One or more communication units 207 of computing system 200 may communicate with devices external to computing system 200 (or among separate computing devices of computing system 200) by transmitting and/or receiving data, and may operate, in some respects, as both an input device and an output device. In some examples, communication units 207 may communicate with other devices over a network. In other examples, communication units 207 may send and/or receive radio signals on a radio network such as a cellular radio network. Examples of communication units 207 may include a network interface card (e.g., such as an Ethernet card), an optical transceiver, a radio frequency transceiver, a GPS receiver, or any other type of device that can send and/or receive information. Other examples of communication units 207 may include Bluetooth®, GPS, 3G, 4G, and Wi-Fi® radios found in mobile devices as well as Universal Serial Bus (USB) controllers and the like.
Processing circuitry 202 and memory 204 may be configured to execute machine learning system 210 to determine whether an input audio clip includes synthetic speech of a target speaker, according to techniques of this disclosure. Memory 204 may store information for processing during operation of speech activity detector 262, feature module 212, embedding extractor 214, and scoring module 232. In some examples, memory 204 may include temporary memories, meaning that a primary purpose of the one or more storage devices is not long-term storage. Memory 204 may be configured for short-term storage of information as volatile memory and therefore not retain stored contents if deactivated. Examples of volatile memories include random access memories (RAM), dynamic random access memories (DRAM), static random access memories (SRAM), and other forms of volatile memories known in the art. Memory 204, in some examples, also include one or more computer-readable storage media. Memory 204 may be configured to store larger amounts of information than volatile memory. Memory 204 may further be configured for long-term storage of information as non-volatile memory space and retain information after activate/off cycles. Examples of non-volatile memories include magnetic hard disks, optical discs, floppy disks, Flash memories, or forms of electrically programmable memories (EPROM) or electrically erasable and programmable (EEPROM) memories. Memory 204 may store program instructions and/or data associated with one or more of the modules (e.g., speech activity detector 262, feature module 212, embedding extractor 214, and scoring module 232 of machine learning system 210) described in accordance with one or more aspects of this disclosure.
Processing circuitry 202 and memory 204 may provide an operating environment or platform for speech activity detector 262, feature module 212, embedding extractor 214, and scoring module 232, which may be implemented as software, but may in some examples include any combination of hardware, firmware, and software. Processing circuitry 202 may execute instructions and memory 204 may store instructions and/or data of one or more modules. The combination of processing circuitry 202 and memory 204 may retrieve, store, and/or execute the instructions and/or data of one or more applications, modules, or software. Processing circuitry 202 and memory 204 may also be operably coupled to one or more other software and/or hardware components, including, but not limited to, one or more of the components illustrated in
In the example of
Speech activity detector 262 may input, to feature module 212, a modified audio clip as an audio clip that includes detected speech portions of an audio clip included in input data 244. Feature module 212 may process the modified audio clip as the audio clip as discussed in more detail below.

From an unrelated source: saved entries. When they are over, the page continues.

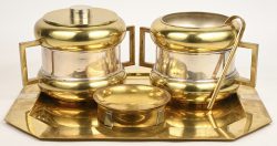 #111Een vintage Italiaanse sommelier set, messing en zilver, uitgebracht circa 1970 voor het Associazione Italiana Sommelier, (gemerkt ais), bestaande uit een dienblad, een ijsemmer, een flessenkoeler (of kwispedoor) en een kaviaar schaaltje. Zilvermerken: 925, alsook 800, MI (Via Delle Asole 4 - Milano) Toegevoegd een ijstang.
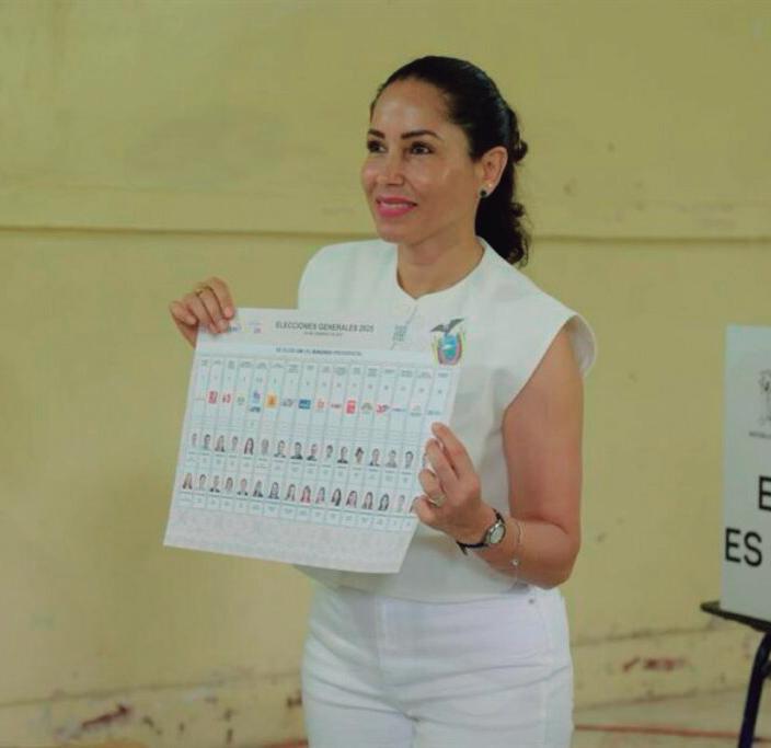 La candidata a la Presidencia del Ecuador, Luisa González, acudió a su recinto electoral en el norte de Manabí.
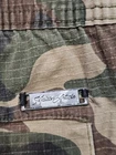 Elevate your casual style with these Maison Article cargo pants in a trendy camo pattern. Made from lightweight and breathable cotton material, these pants feature an elastic waist with drawstring closure and five cargo pockets for practicality. The pants are designed with a relaxed fit and straight leg style, making them comfortable and stylish for any occasion, whether it's for travel or just a casual day out. The pants also come with accents such as a logo and zipper, adding to their army and sports-themed design. These camo cargo pants are perfect for any season, with their high-rise waist and breathable material. Machine washable for easy care, these pants are a must-have addition to your wardrobe.
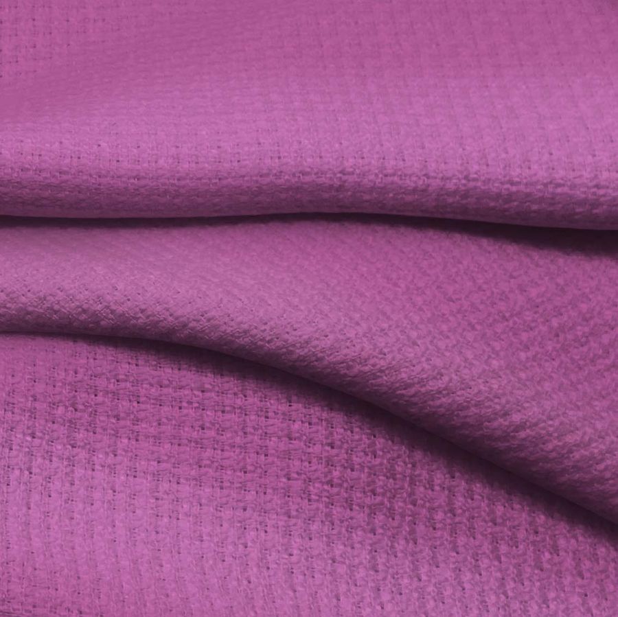 La tela base es un Tweed - Chanel, compuesta al 100% de poliéster y con un gramaje de 420 gr/m2. Su ancho es de 150 cm y su color liso impreso es de un tono morado orquídea mediana, cuyo CMYK es 34 75 6 0. Este color es un tono vibrante y elegante que evoca la feminidad y la sofisticación. Es un color que combina muy bien con tonos neutros como el gris o el negro, así como con tonos más vivos como el rosa o el verde menta.
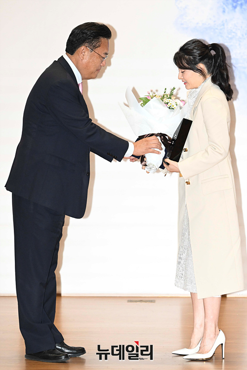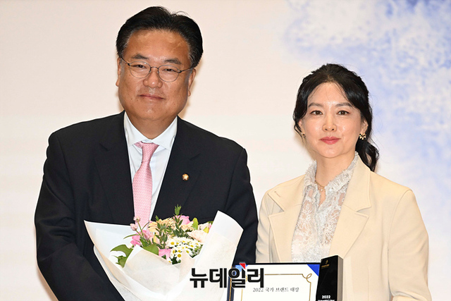 정진석 국민의힘 비상대책위원장이 20일 오전 서울 국회의원회관에서 열린 2022 국가브랜드대상 시상식에서 배우 이영애에게 국가브랜드 한류 공로상을 시상하고 있다.'국가브랜드 대상'은 매년 문화, 예술, 스포츠 등 각 분야에서 대한민국을 빛낸 사람에게 공로를 인정해 시상하는 행사다.올해는 국가브랜드 대상 수상자는 배우 이정재, 최민정 쇼트트랙 선수, 임윤찬 피아니스트이며 국가브랜드 한류 공로상은 배우 이영애, 특별상엔 전인건 간송미술관장이 선정됐다.배우 이정재는 코로나 확진으로 행사에 참석하지 못했다.
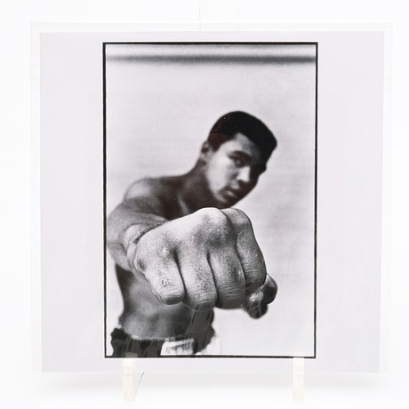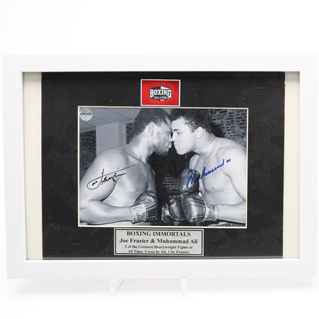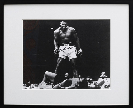 Together with a printed photograph (from the 1966 match between Clay and Brian London, signed by Brian London with gold pen.
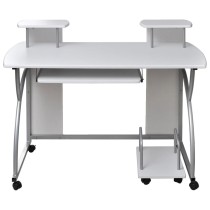 Mit diesem eleganten und funktionalen Schreibtisch bringen Sie eine Ikone des modernen Glamours der Mitte des Jahrhunderts in Ihr Interieur! Aus massivem Mahagoniholz mit weißem Finish gefertigt, ist der Schreibtisch äußerst langlebig und robust. Mahagoni ist ein tropisches Hartholz, das sich durch Schönheit, Haltbarkeit und eine einzigartige Farbe auszeichnet. Dieser Computertisch verfügt über 2 Schubladen, die Platz für Bücher und andere Schreibwaren bieten.

Feature module 212 may include acoustic feature module 216 and phonetic feature module 220. Acoustic feature module 216 may include a software module with computer-readable instructions for extracting acoustic features (e.g., spectral magnitudes, band energy, LFB features, LFCC features, MFCC features, etc.) from audio clips. Acoustic feature module 216 may generate acoustic feature vectors that characterize or capture acoustic features from audio clips. For example, acoustic feature module 216 may be configured to extract acoustic features that correspond to features associated with characteristics of frequency components of audio signals. Phonetic feature module 220 may include a software module with computer-readable instructions for extracting phonetic features (e.g., manner of articulation, prosodic features, pronunciation, etc.) from audio clips. Phonetic feature module 220 may apply automatic speech recognition (ASR) techniques to generate phonetic feature vectors that characterize or capture phonetic features from audio clips. Phonetic feature module 220 may, for example, analyze phonemes of speech in audio clips by generating phonetic feature vectors that characterize or capture a phonetic context, such as articulations of a series of phonemes (e.g., a series of phonemes that make up a word or a sentence). Phonetic feature module 220 may be configured to extract phonetic features that correspond to features associated with characteristics of phones or phonemes included in audio signals. Feature module 212 may combine (e.g., concatenate, average, sum, compute a product of, min pooling, weighted average or sum, apply principal component analysis (PCA), correlation analysis, autoencoding, or other methods of combining feature vectors) acoustic feature vectors, generated using acoustic feature module 216, and phonetic feature vectors, generated using phonetic feature module 220, to generate feature vectors that characterize or capture features in both the acoustic and phonetic space. Feature module 212 may combine acoustic feature vectors and phonetic feature vectors using a simple stacking combination. Feature module 212 may input generated feature vectors to embedding extractor 214.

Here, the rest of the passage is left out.